- Born: January 14, 1977 (age 49) Winnipeg, Manitoba, Canada
- Height: 6 ft 0 in (183 cm)
- Weight: 188 lb (85 kg; 13 st 6 lb)
- Position: Defence
- Shot: Left
- Played for: Vancouver Canucks Manitoba Moose Worcester Sharks Las Vegas Thunder Krefeld Pinguine HC Milano Nordsjælland Cobras Örebro HK EHC Black Wings Linz Dresdner Eislöwen
- NHL draft: 84th overall, 1995 Winnipeg Jets
- Playing career: 1997–2013

= Justin Kurtz =

Canadian retired ice hockey defenceman (born 1977)
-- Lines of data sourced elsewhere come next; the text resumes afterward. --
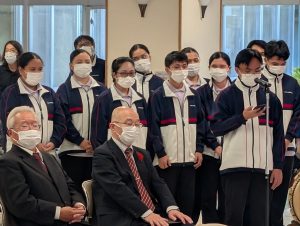 ・本会会長、副会長、常務理事、広報室長おおさきちゃん、職員
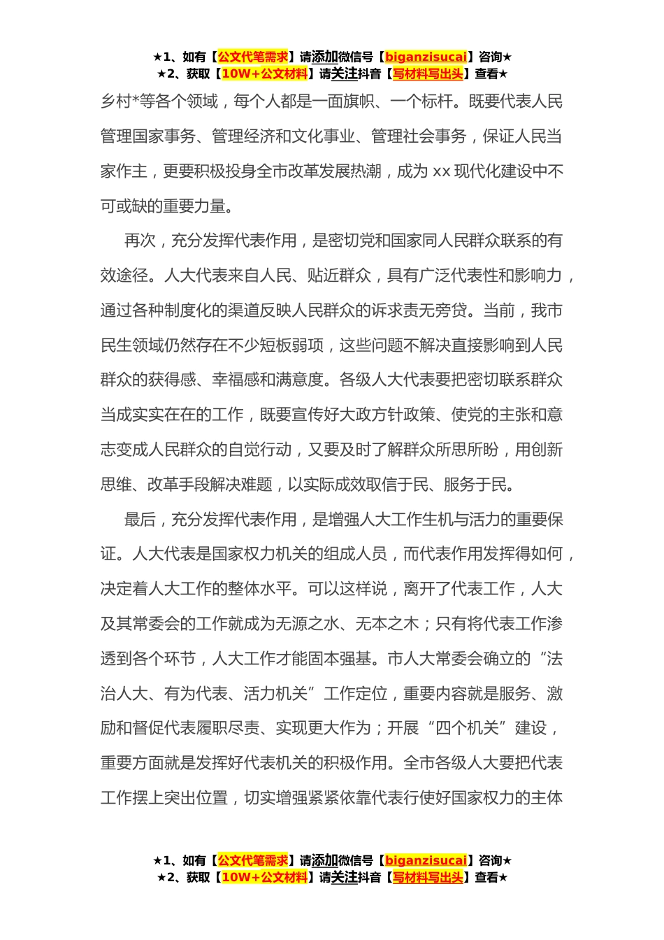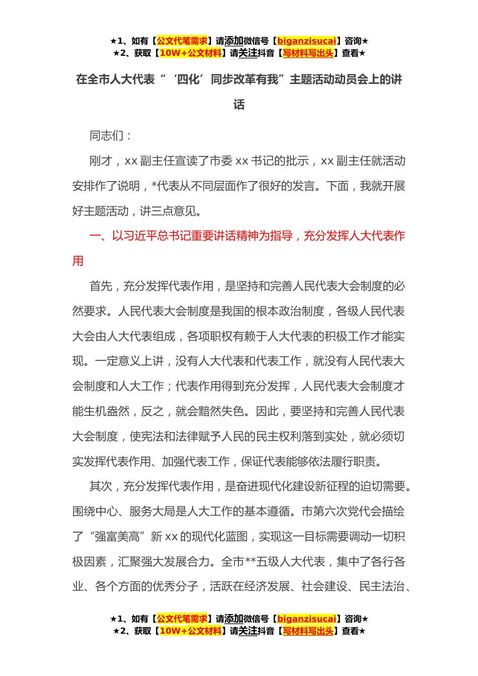 ★1、如有【公文代笔需求】请添加微信号【biganzisucai】咨询★★2、获取【10W+公文材料】请关注抖音【写材料写出头】查看★在全市人大代表“‘四化’同步改革有我”主题活动动员会上的讲话同志们:刚才,xx副主任宣读了市委xx书记的批示,xx副主任就活动安排作了说明,*代表从不同层面作了很好的发言。下面,我就开展好主题活动,讲三点意见。一、以习近平总书记重要讲话精神为指导,充分发挥人大代表作用首先,充分发挥代表作用,是坚持和完善人民代表大会制度的必然要求。人民代表大会制度是我国的根本政治制度,各级人民代表大会由人大代表组成,各项职权有赖于人大代表的积极工作才能实现。一定意义上讲,没有人大代表和代表工作,就没有人民代表大会制度和人大工作;代表作用得到充分发挥,人民代表大会制度...
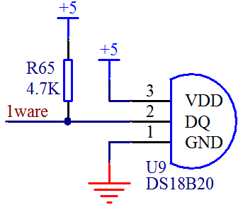DS18B20 是美信公司的一款温度传感器,单片机可以通过 1-Wire 协议与 DS18B20 进行通信,最终将温度读出。1-Wire 总线的硬件接口很简单,只需要把 DS18B20 的数据引脚和单片机的一个 IO 口接上就可以了。
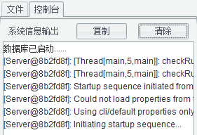 點(diǎn)擊菜單“本地應(yīng)用”->“啟動(dòng)示例數(shù)據(jù)庫(kù)”,左側(cè)的控制臺(tái)會(huì)輸出“數(shù)據(jù)庫(kù)已啟動(dòng)”信息,表示demo數(shù)據(jù)源所需連接的HSQL數(shù)據(jù)庫(kù)已啟動(dòng)。
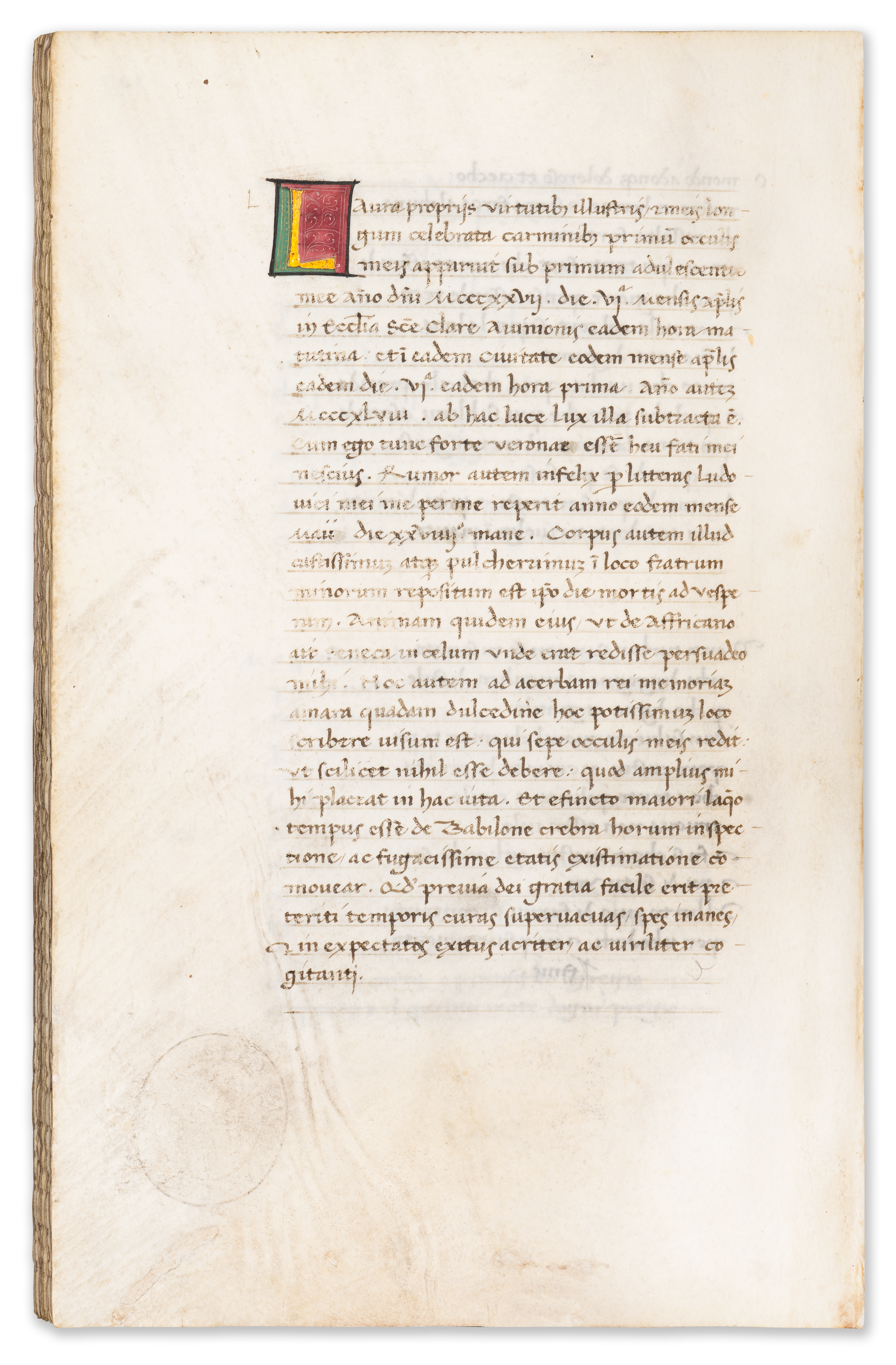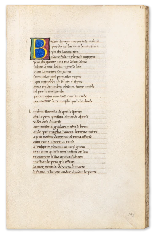 Distinguished by its refined illumination and elegant humanist script, it offers a rare and highly contemporary witness to the reception of Petrarch’s poetry in mid-fifteenth-century Tuscany. Newly identified as a previously unknown member of the Forma Chigi textual family—descended from Boccaccio’s autograph copy—the manuscript shows especially close affinities with two Florentine exemplars, and its mise en page corresponds exactly to that of another codex unmistakably penned by Gentilis himself. The poems are arranged in a non-canonical sequence, shedding light on early modes of textual organization and personal engagement with the Fragmenta .
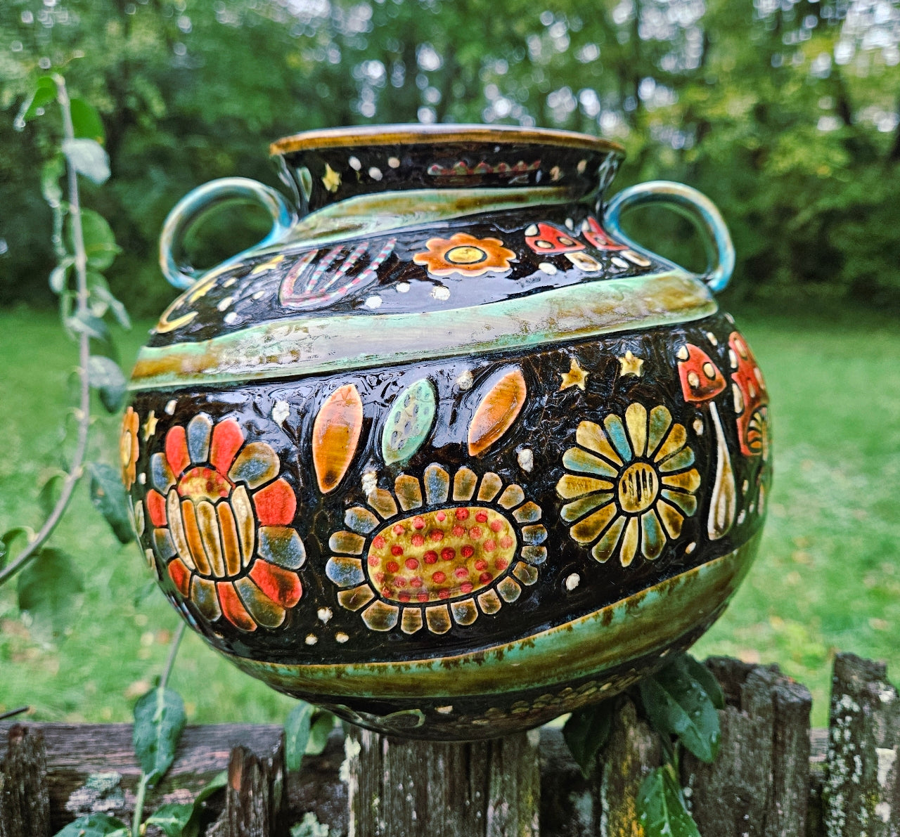 This hand thrown, carved, and painted stoneware vase is decorated with a moth and nature scene. It was finished with a translucent amber glaze. All pieces are food, microwave and dishwasher safe. Approximately 8 inches tall and 8 inches.
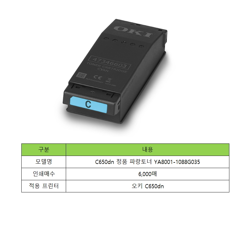 HOME > 전체상품 > 오키 C650dn 토너 YA8001-1088G035 파랑 정품토너 6K
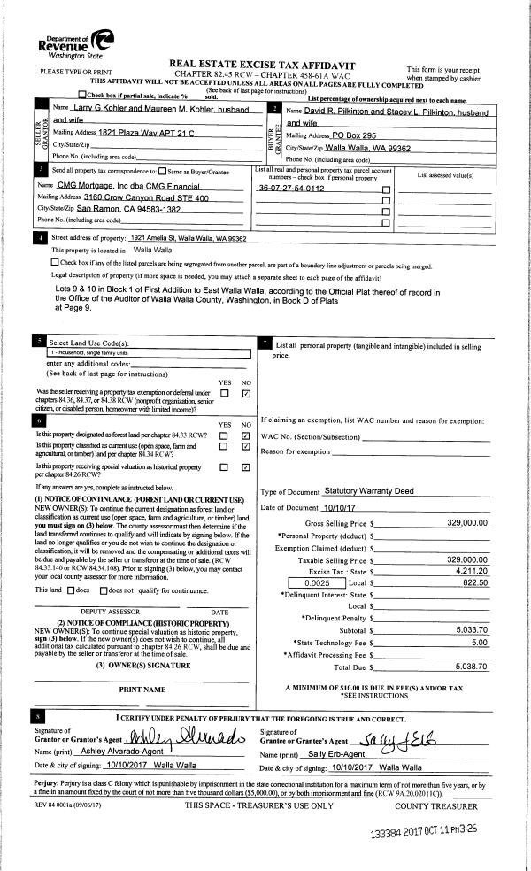 | 2 | 10/11/2017 | SWD | STATUTORY WARRANTY DEED | KOHLER LARRY G & MAUREEN M | PILKINTON DAVID R & STACEY L | | | $329,000.00 | 133384 | 2017-08083 |
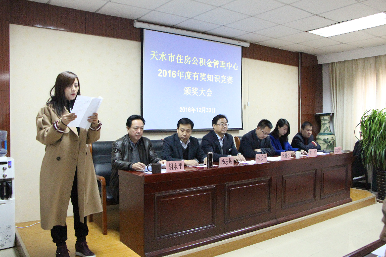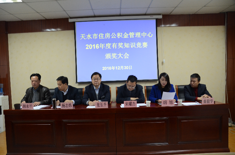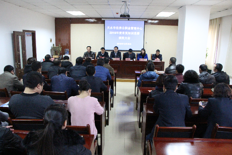 12月30日,天水市住房公积金管理中心有奖知识竞赛颁奖大会在市中心7楼会议室召开,天水日报社副总编宋耀杰、天水在线市场部经理胡旭、公积金中心党组书记、主任张长平出席了本次颁奖大会。会议由中心副主任胡永平主持。中心党组成员、机关全体干部职工和部分获奖人员参加了会议。
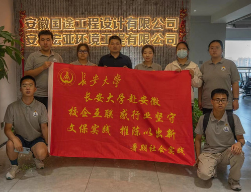 为强化人才培养,提高学生社会实践能力,进一步完善“一行十企”就业工作体系,深化校企合作。8月3日下午,成人抖音 赴安徽“感校企互联,观行业新生”暑期社会实践队在指导老师落昊飞的带领下参观成人抖音 03级优秀校友余凯创办的安徽国途工程设计有限公司和安徽宏亚环境工程有限公司。
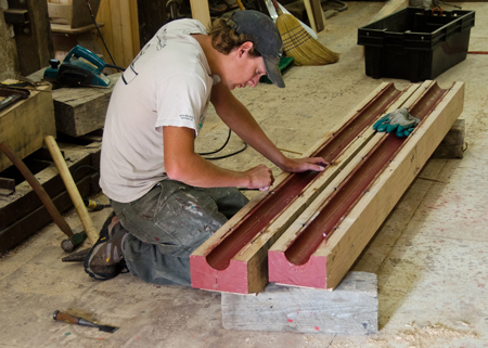 The two piece shaft log will be stacked between the other pieces of the keel. The propeller shaft, a half inch smaller in diameter than the shaft hole, will pass through it. The hole is created on a table saw cutting the length of the piece and repeating it while deepening the cut in 1/8" depths until the half circle shape is formed. A wooden plane with a curved base and cutting edge is used to smooth the stepped surface before priming. The two halves are assembled with water seal splines. Seven keel bolt holes are drilled on both sides of the hole. The keel bolt holes are drilled on a drill press for precision and are used as a drilling pattern on the keel it will be bolted to. The space between the propeller shaft and the wood fills with water to cool the rotating shaft. A stuffing box packed with wax impregnated flax seals the shaft log on the inside of the boat.
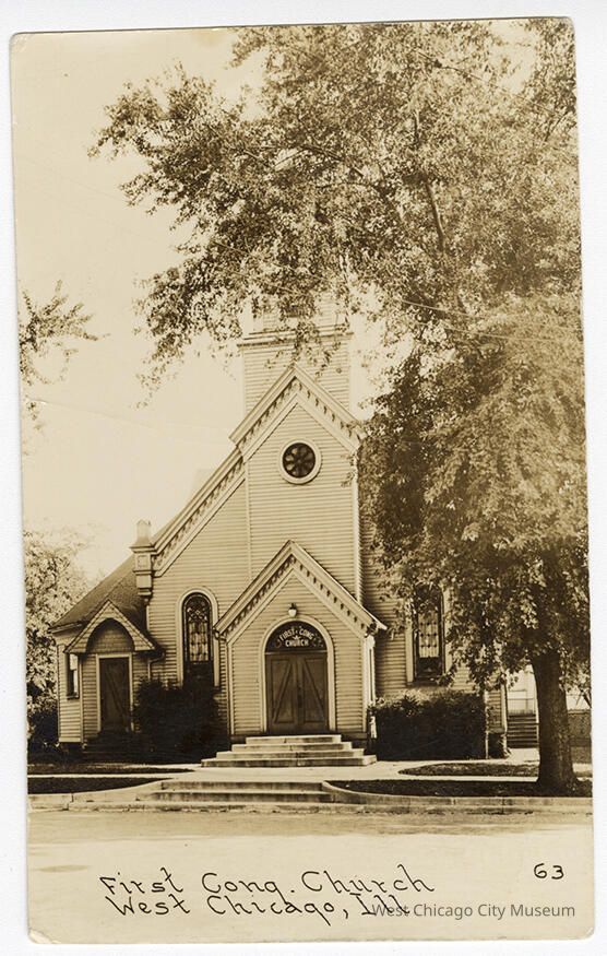 Postcard, shows a black and white photograph of the First Congregational Church, West Chicago. Church has white siding, a traditional steeple and reads "First Cong Church" in half circle glass above doors. Photo is in portrait orientation, with white strip at bottom. Back has standard postcard configuration, never used.Photograph Details
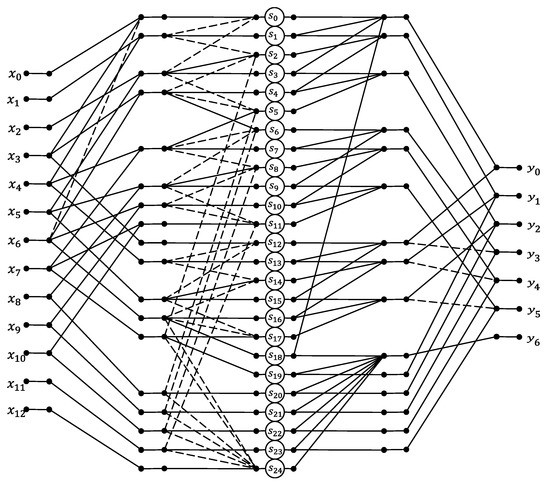 Figure 2 depicts a data flow graph of the proposed algorithm for implementing the basic filtering operation for a 3-tap FIR filter. In this paper, the data flow diagrams are arranged from left to right, and straight lines in the figures represent data transfer operations. The circles in these figures indicate multiplication operations, with the corresponding numbers written inside the circles. The convergence points of the lines indicate summation, while dashed lines represent data transfer operations with a simultaneous change of sign. To maintain clarity, the figures utilise simple lines without arrows. Furthermore, to simplify the presentation, the superscripts of variables have been omitted in all figures, as the vector sizes involved in each case can be inferred from the figures themselves.
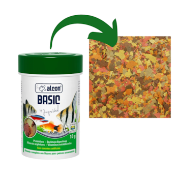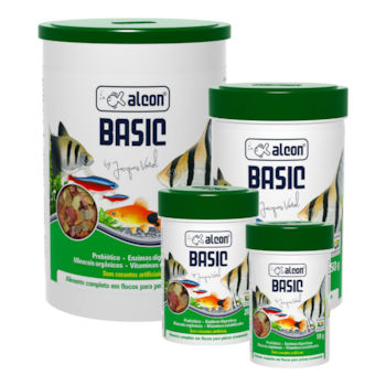 Alimento floculado para todas as espécies de peixes. Alcon Basic é um alimento completo em flocos para peixes ornamentais que combina uma grande variedade de ingredientes naturais selecionados. Possui em sua composição, minerais orgânicos quelatados, que representam maior biodisponibilidade de minerais ao organismo dos peixes. Enzimas Digestivas e Prebiótico favorecem o desenvolvimento da flora intestinal benéfica, melhorando o aproveitamento dos nutrientes. Não contém corantes artificiais. Forma de uso Fornecer quantidade a ser totalmente consumida em até 5 minutos, de duas a quatro vezes por dia.
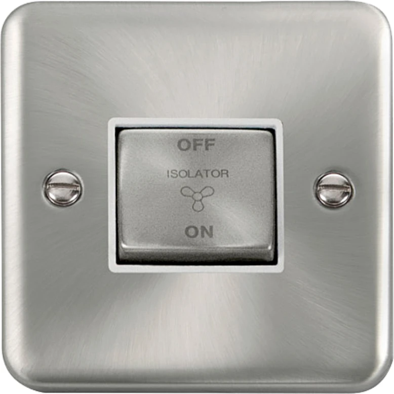 Deco plus rounded profile satin chrome white insert 10A ingot 3 pole fan isolation plate switch. · · · Dimensions 88mm (W) x 88mm (H) x 8mm (D) · · Plate Design & Finish Rounded Profile Satin Chrome · · Insert & Gasket Colour White · · Front Plate: Stainless Steel · · Maximum Voltage 250V · · Load Rating 10A · · Plate Fixing Centres 60.3mm · · Terminal Size 3.5mm · · Terminal Torque 0.4Nm · · Terminal Capacity 4 x 1.5mm
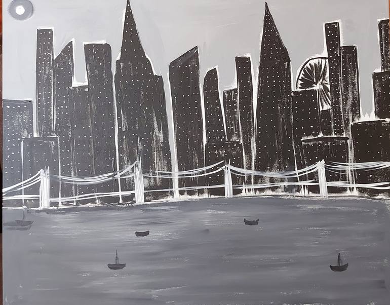 Skyline by the river Painting
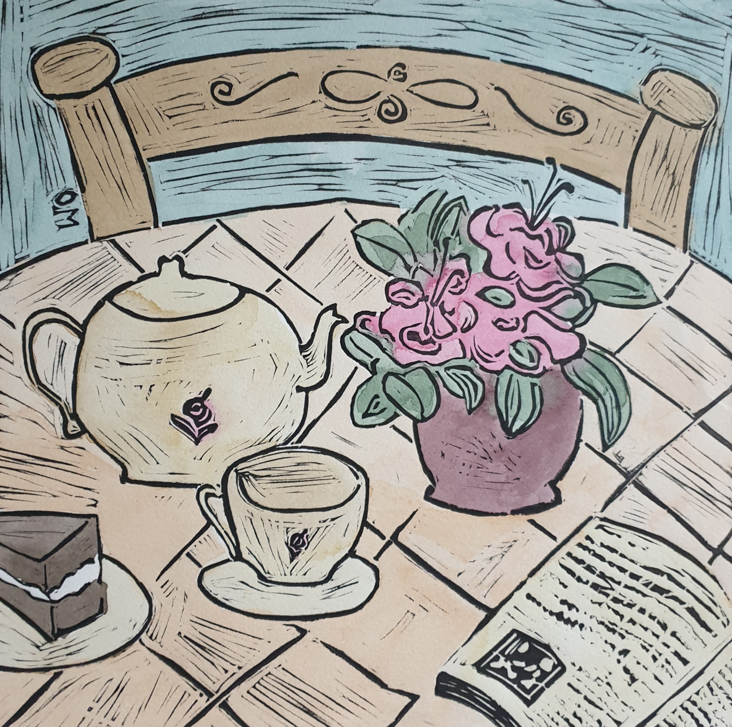 Teatime edition 1 by Olga Megele – Lino printing is a fantastic medium. It is very seductive to remove the layer of lino, not too shallow and not too deep! This sweet piece echos the joy of a quiet afternoon tea. A book to read, a slice of cake to enjoy and multiple cups of tea. Heaven! This print has been very popular. I can bespoke one for you! Please make contact to discuss your colour choices! Edition is limited to 50 prints.
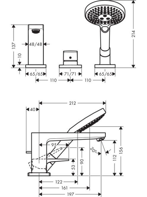 Hansgrohe Metropol 3-lyukú peremre szerelhető kádcsaptelep 32550000
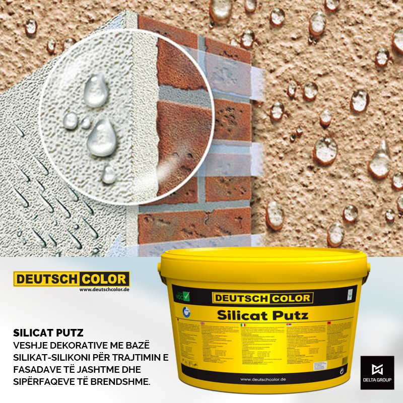 👉Veshje dekorative me bazë silikat-silikoni për trajtimin e fasadave të jashtme dhe sipërfaqeve të brendshme
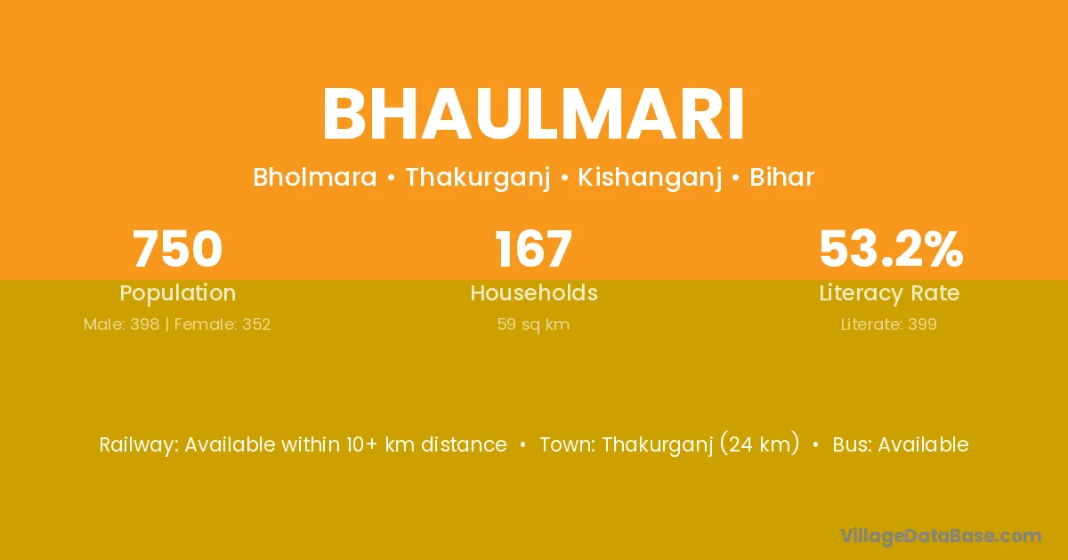 Thakurganj (24 km) is the nearest town to Bhaulmari village for major economic activities and is located approximately 24 km away.
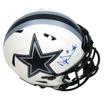 This Riddell Authentic Lunar Eclipse Helmet was personally hand signed by Dak Prescott in blue paint marker. The Helmet was signed in the presence of a Beckett Authentication Services Representative and comes affixed with a witnessed individual numbered tamper-evident Hologram. The Helmet also comes with a Famous Ink hologram guaranteeing authenticity for life. Domestic ground shipping for this item is FREE to the contiguous 48 states. Please contact us for International and other shipping options.

Justin Kurtz (born January 14, 1977) is a Canadian former professional ice hockey defenceman who played 27 games for the National Hockey League's Vancouver Canucks.

==Playing career==
Kurtz was drafted 84th overall by the Winnipeg Jets in the 1995 NHL entry draft, but never played an NHL game for the franchise. His NHL debut did not come until the 2001-02 season with the Vancouver Canucks, after spending three seasons with the Manitoba Moose. He played 27 regular season games, scoring 3 goals and 8 points in what turned out to be his only season in the NHL.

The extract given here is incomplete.